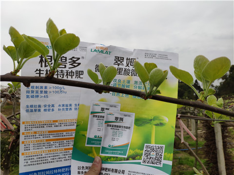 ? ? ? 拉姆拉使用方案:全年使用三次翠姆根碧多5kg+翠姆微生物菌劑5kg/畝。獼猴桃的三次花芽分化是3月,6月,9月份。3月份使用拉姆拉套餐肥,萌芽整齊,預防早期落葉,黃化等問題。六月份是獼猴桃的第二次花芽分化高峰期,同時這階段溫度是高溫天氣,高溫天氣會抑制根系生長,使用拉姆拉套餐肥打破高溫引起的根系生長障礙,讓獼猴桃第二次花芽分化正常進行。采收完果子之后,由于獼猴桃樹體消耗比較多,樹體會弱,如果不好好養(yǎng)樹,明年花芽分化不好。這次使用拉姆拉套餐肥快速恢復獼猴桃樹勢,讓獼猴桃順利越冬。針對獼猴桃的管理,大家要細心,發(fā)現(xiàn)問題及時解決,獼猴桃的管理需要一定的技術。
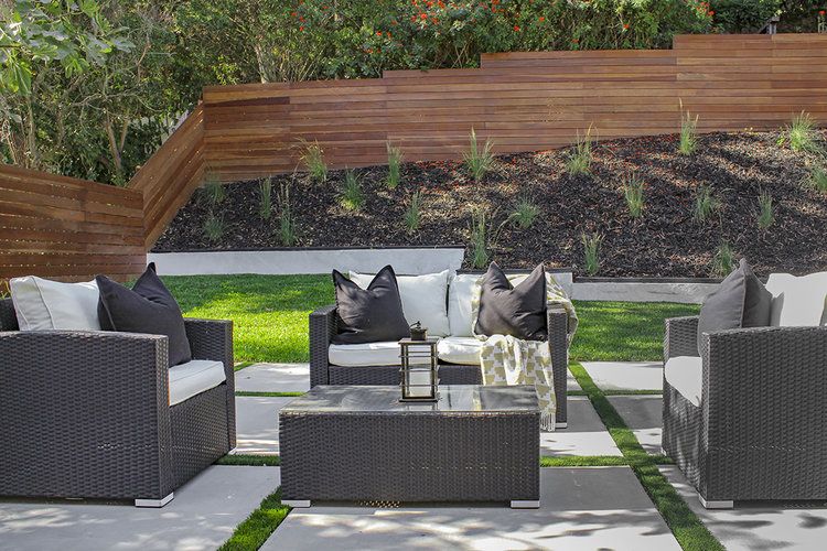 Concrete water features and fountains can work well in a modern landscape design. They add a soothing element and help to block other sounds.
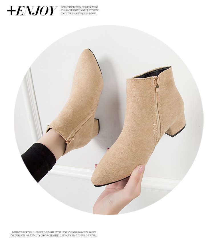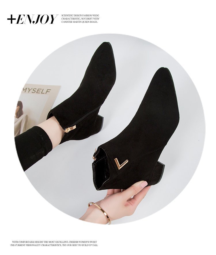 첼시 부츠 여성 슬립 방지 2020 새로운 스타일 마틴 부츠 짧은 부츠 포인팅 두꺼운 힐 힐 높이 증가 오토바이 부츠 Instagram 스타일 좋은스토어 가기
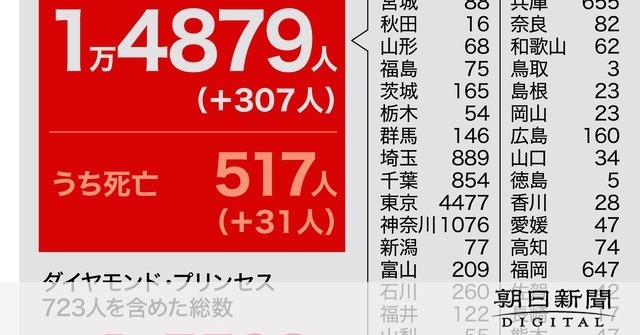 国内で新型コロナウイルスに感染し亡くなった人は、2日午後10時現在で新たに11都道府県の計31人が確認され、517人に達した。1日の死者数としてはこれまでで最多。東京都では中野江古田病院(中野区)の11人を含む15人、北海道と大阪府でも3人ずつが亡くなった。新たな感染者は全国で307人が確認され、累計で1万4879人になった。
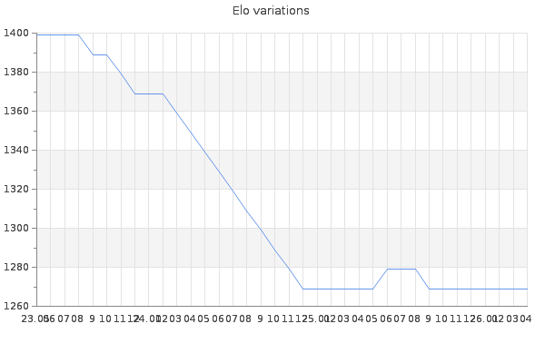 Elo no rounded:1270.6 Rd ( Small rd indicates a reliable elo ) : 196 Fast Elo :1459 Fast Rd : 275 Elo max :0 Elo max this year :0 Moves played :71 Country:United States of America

==========

■ **WHAT YOU HAVE TO DO**
Without copying any picture, write out the entries exactly.

■ **RESPONSE TO THE TASK**
 ? ? ? 拉姆拉使用方案:全年使用三次翠姆根碧多5kg+翠姆微生物菌劑5kg/畝。獼猴桃的三次花芽分化是3月,6月,9月份。3月份使用拉姆拉套餐肥,萌芽整齊,預防早期落葉,黃化等問題。六月份是獼猴桃的第二次花芽分化高峰期,同時這階段溫度是高溫天氣,高溫天氣會抑制根系生長,使用拉姆拉套餐肥打破高溫引起的根系生長障礙,讓獼猴桃第二次花芽分化正常進行。采收完果子之后,由于獼猴桃樹體消耗比較多,樹體會弱,如果不好好養(yǎng)樹,明年花芽分化不好。這次使用拉姆拉套餐肥快速恢復獼猴桃樹勢,讓獼猴桃順利越冬。針對獼猴桃的管理,大家要細心,發(fā)現(xiàn)問題及時解決,獼猴桃的管理需要一定的技術。
 Concrete water features and fountains can work well in a modern landscape design. They add a soothing element and help to block other sounds.
 첼시 부츠 여성 슬립 방지 2020 새로운 스타일 마틴 부츠 짧은 부츠 포인팅 두꺼운 힐 힐 높이 증가 오토바이 부츠 Instagram 스타일 좋은스토어 가기
 国内で新型コロナウイルスに感染し亡くなった人は、2日午後10時現在で新たに11都道府県の計31人が確認され、517人に達した。1日の死者数としてはこれまでで最多。東京都では中野江古田病院(中野区)の11人を含む15人、北海道と大阪府でも3人ずつが亡くなった。新たな感染者は全国で307人が確認され、累計で1万4879人になった。
 Elo no rounded:1270.6 Rd ( Small rd indicates a reliable elo ) : 196 Fast Elo :1459 Fast Rd : 275 Elo max :0 Elo max this year :0 Moves played :71 Country:United States of America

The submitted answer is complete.